### Exercise requirements
Would you please output, word for word, the span of the listing below that opens on the line containing "A soft, delicate, translucent" and closes on the line containing "登上高耸的观景塔可以360度"? Include both ends and nothing more.

### Information
------------------------------------------------

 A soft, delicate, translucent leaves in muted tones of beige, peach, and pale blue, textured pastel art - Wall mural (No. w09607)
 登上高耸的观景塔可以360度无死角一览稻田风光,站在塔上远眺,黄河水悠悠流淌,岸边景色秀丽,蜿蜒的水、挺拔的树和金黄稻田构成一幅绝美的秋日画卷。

------------------------------------------------

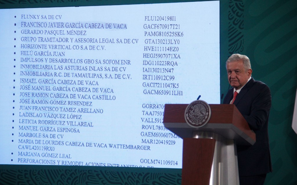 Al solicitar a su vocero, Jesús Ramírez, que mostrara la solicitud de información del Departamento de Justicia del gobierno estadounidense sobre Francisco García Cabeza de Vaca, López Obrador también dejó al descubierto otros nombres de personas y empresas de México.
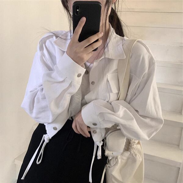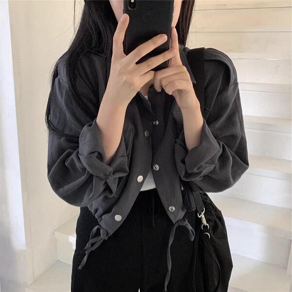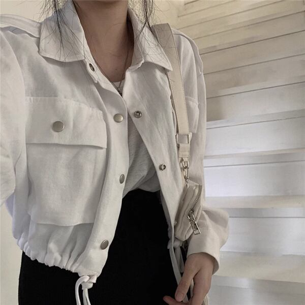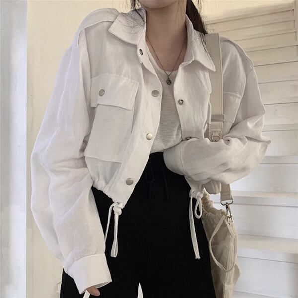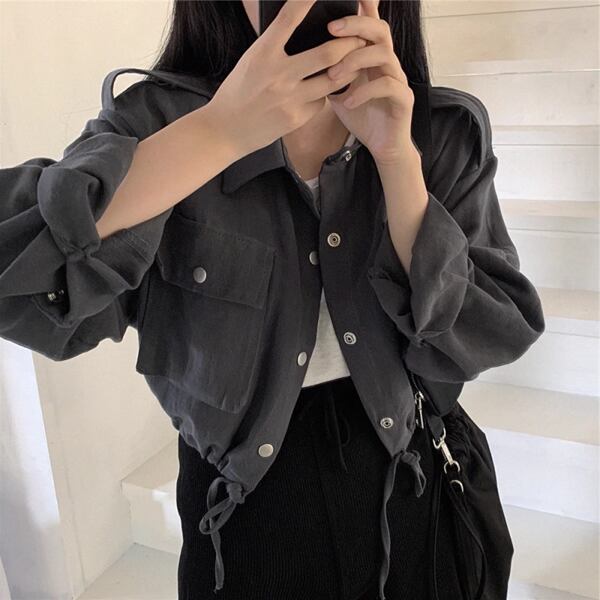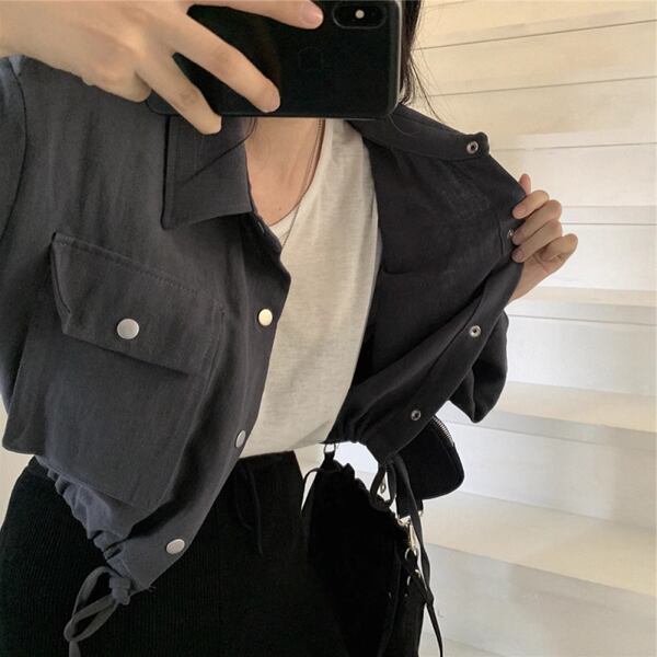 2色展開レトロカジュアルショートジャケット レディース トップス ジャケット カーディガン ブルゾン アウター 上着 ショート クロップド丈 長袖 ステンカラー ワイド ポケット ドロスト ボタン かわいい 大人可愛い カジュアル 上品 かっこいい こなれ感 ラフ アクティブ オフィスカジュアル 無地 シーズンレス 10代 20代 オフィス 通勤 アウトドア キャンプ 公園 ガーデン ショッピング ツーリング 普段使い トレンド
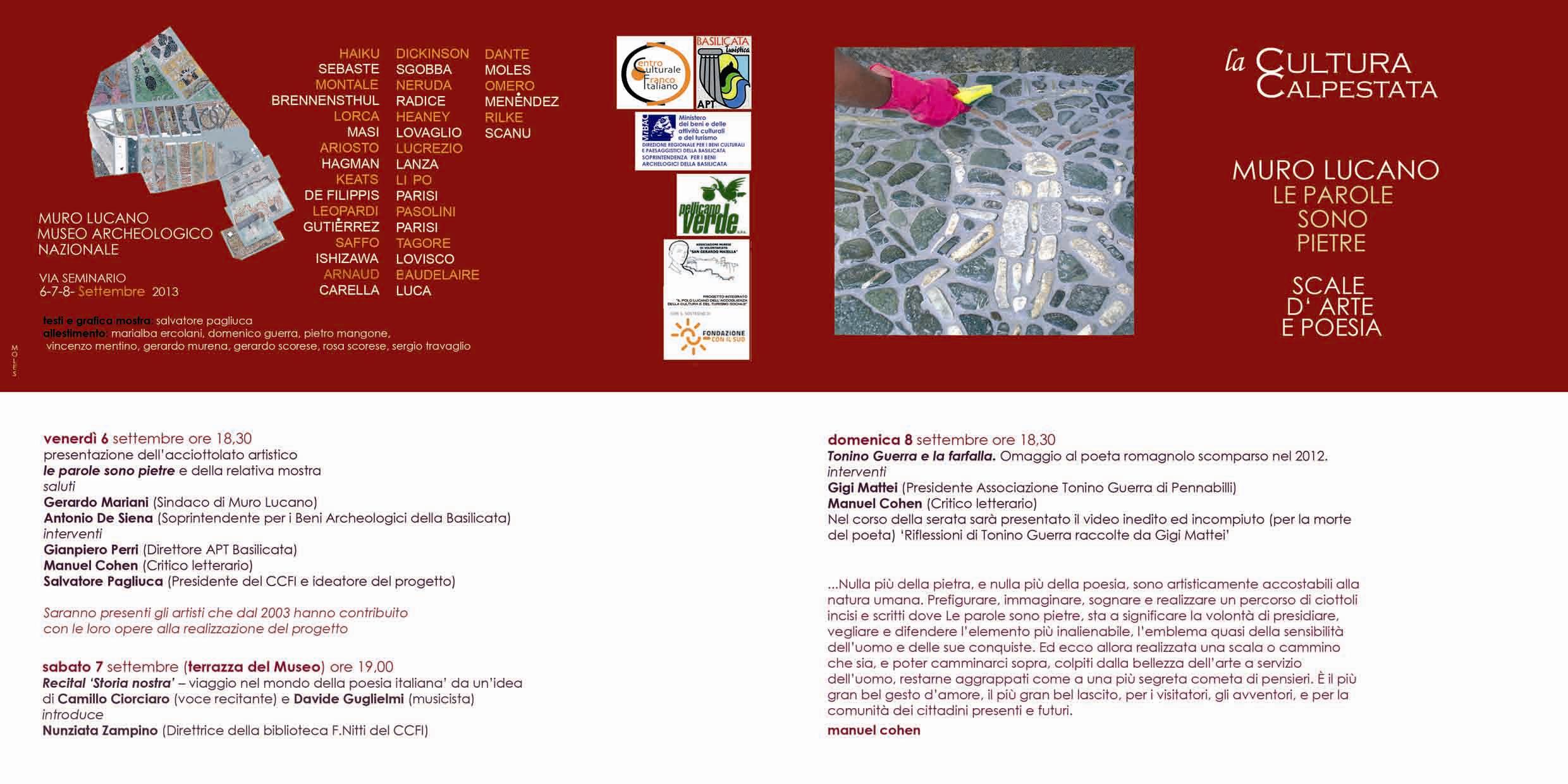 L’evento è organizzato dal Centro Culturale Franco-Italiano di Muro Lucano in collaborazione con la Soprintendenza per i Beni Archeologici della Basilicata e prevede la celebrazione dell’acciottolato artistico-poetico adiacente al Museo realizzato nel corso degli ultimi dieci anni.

------------------------------------------------

### Task solution
 A soft, delicate, translucent leaves in muted tones of beige, peach, and pale blue, textured pastel art - Wall mural (No. w09607)
 登上高耸的观景塔可以360度无死角一览稻田风光,站在塔上远眺,黄河水悠悠流淌,岸边景色秀丽,蜿蜒的水、挺拔的树和金黄稻田构成一幅绝美的秋日画卷。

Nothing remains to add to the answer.